Like closing verification, restoration verification has the metering system report in as the power is returned to the meters. This alert function is built into many meters that are being deployed as smart meters today and includes a timestamp for the restoration time. For some utilities this is improving their IEEE indices, since their crews may take several minutes to complete other actions before reporting the power back on. It can also be used to help isolate nested outages and help the field crews get to the root cause of those nested outages before they leave the scene.
Momentary outages normally increase as vegetation grows back in an area and starts to become a potential issue for overhead lines. Smart metering allows the return of momentary outage information and allows the outage counts to be overlaid on a GIS system. This allows the planners to better target vegetation management people to the right locations. In the underground world, cable and splice failures can be found early, prior to a complete failure.
If more sensors were available in the distribution network, it would be possible to do distribution SCADA. With the deployment of smart meters and a near real time communications network, it is possible to pick a sub-set of the smart meters and use them as bell weather devices in the grid to provide a distribution SCADA-like capability. In addition some utilities are installing smart meters in place of RTUs for extending their current SCADA system further into the grid.

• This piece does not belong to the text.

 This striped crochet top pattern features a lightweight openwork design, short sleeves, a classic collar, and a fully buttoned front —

As interference with the operation of the distribution grid becomes more common, it becomes more and more important to monitor the integrity of the grid at all times. Smart meters offer a way to get a “heart beat” from the whole of the distribution system on a regular basis, thus providing assurance that the grid is intact – that it has not been attacked by a mad man in a backhoe or a copper thief with a chainsaw.
Overloads on the system were not a big issue at one time and devices could operate at two or even three times their rated capacity for several hours on a peak day. Today devices have been engineered to run at loads much closer to their ratings, and overloads of several hours can cause degradation in the devices. By being able to monitor the load on the device and with the deployment of direct load control or disconnect switches, the load on the device can be managed until it can be replaced or upgraded, and the same goes for other physical assets that may be de-rated, allowing at least some of the lights to stay on.
Selective load management
With the deployment of disconnects and home area networks the utility can choose to manage the load on the grid, to manage peak, to manage customer bills, or to allow for a generation or transmission issue to be corrected or other reasons. This can permit, with the right equipment, the reduction in the need for reserve margin in generation and for rolling reserve, the selective load management becoming a virtual power plant that is a callable and schedulable asset.

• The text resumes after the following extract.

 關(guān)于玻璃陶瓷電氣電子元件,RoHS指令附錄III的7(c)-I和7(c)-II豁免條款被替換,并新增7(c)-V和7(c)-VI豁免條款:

For scheduled outages for maintenance or for notification to a customer that the power is out in their home when they are at work or away from home, smart metering provides a needed piece. For scheduled outages, if there are in-home displays deployed the metering system can provide the outage times and durations to the customers directly impacted and none others. This minimises possible security issues about the information getting into the wrong hands, as security systems that require power stop functioning, etc. It also helps with the number of phone calls that have to be placed to customers to let them know that maintenance is happening. With the connectivity verification, it is possible to really know who is on a specific path and to accurately manage the outage. For unscheduled outages, it possible to use the information coming from the meters to let customers know that they will be returning to a location with no power (water, gas) and that will let them make alternate plans, rather than walking into a surprise.
IEEE outage indices
Today the IEEE indices are manually calculated in most utilities and they are not up to date, since the information needed to track them comes from field reports and other documents that do not feed into a central location. Additionally since not every single point is tracked in any system for outages, it is impossible to accurately determine the indices. Most utilities have got very good at the development of indices that are very close to the reality that their customers are seeing and to the limits of the information available.

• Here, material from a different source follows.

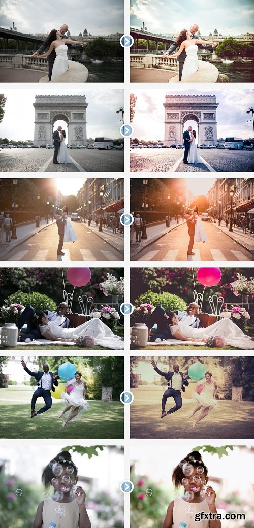 This Lightroom Preset pack contains 51 Lightroom presets made to enhance, correct or dramatically change your wedding photography. From simple color correction, to vintage looks, to overhauling the feel of the photo, these presets can either take a boring shot and make it great, or provide a great starting point in Lightroom for more corrections.

Islanding verification for distributed generation (DG)
Each time an outage occurs DG should island itself from the rest of the grid and only feed the single location that it is directly attached to. In many cases the islanding equipment in smaller installations is poorly installed or poorly maintained. This leads to leakage of the power into the rest of the grid and potential problems for the field crews. Each time an outage occurs, meters that are designed to monitor net power can tell if the islanding occurred correctly, if they are installed at the right point in the system. This reporting can minimise crew safety and allow the utility to let the customer know that maintenance is required on their DG system. In most cases when the islanding fails, other problems also exist that reduce the efficiency of the DG system, costing the customer the power that they expected to get from the system.
Reliability centred maintenance (RCM) planning
Today the loading on devices is guessed at using models and that information is used to develop a reliability centred maintenance plan. Based on that information the maintenance that the system requires to make sure that people have power is performed. With the ability to do load monitoring and load forecasting more accurately, pre-season maintenance can be scheduled based on the facts that the system generates. While it will never prevent all failures in the system, use of this information and a well designed RCM plan can result in significantly less outage for non-natural disaster causes.
Distributed capacitor bank management
When and where are capacitor banks required? The answer is that they are traditionally installed in substations and that is the best answer available today. Also the hours of operation are typically pre-defined based on historical information or rules of thumb about what is needed. As the characteristics of the load change in the field, and home owners install more and more equipment that is sensitive to the power quality delivered by the grid, the old rules may not work any more. Use of power quality data from smart meters may allow better deployment of smaller capacitor banks and also allow the utility to re-define when they need to operate, thus providing higher quality power to the customers for potentially less investment.
Field worker data access
Today if a line worker wants to know the status of an area of the grid, he can measure power flow, look at meters or call dispatch. Access to near real time information on the status of the customers close to the worker’s location is limited. With the deployment of smart metering, depending on how the software is configured and the security setup, it may be possible for a field worker to get access to a near real time map of the status of the customers in their working area, minimising the need for dispatch to tell the worker where to go next and what to do. With experience, field workers have proven to be very good at determining where in their work area a likely root cause is, based on outage information, reducing the time it takes to find the cause and start the repair work.
Regulatory: There are a number of issues the regulators like to look at around the performance of a utility and the fairness of a utility to its customers. Smart metering has a role to play in providing facts to the regulator to help them manage these issues.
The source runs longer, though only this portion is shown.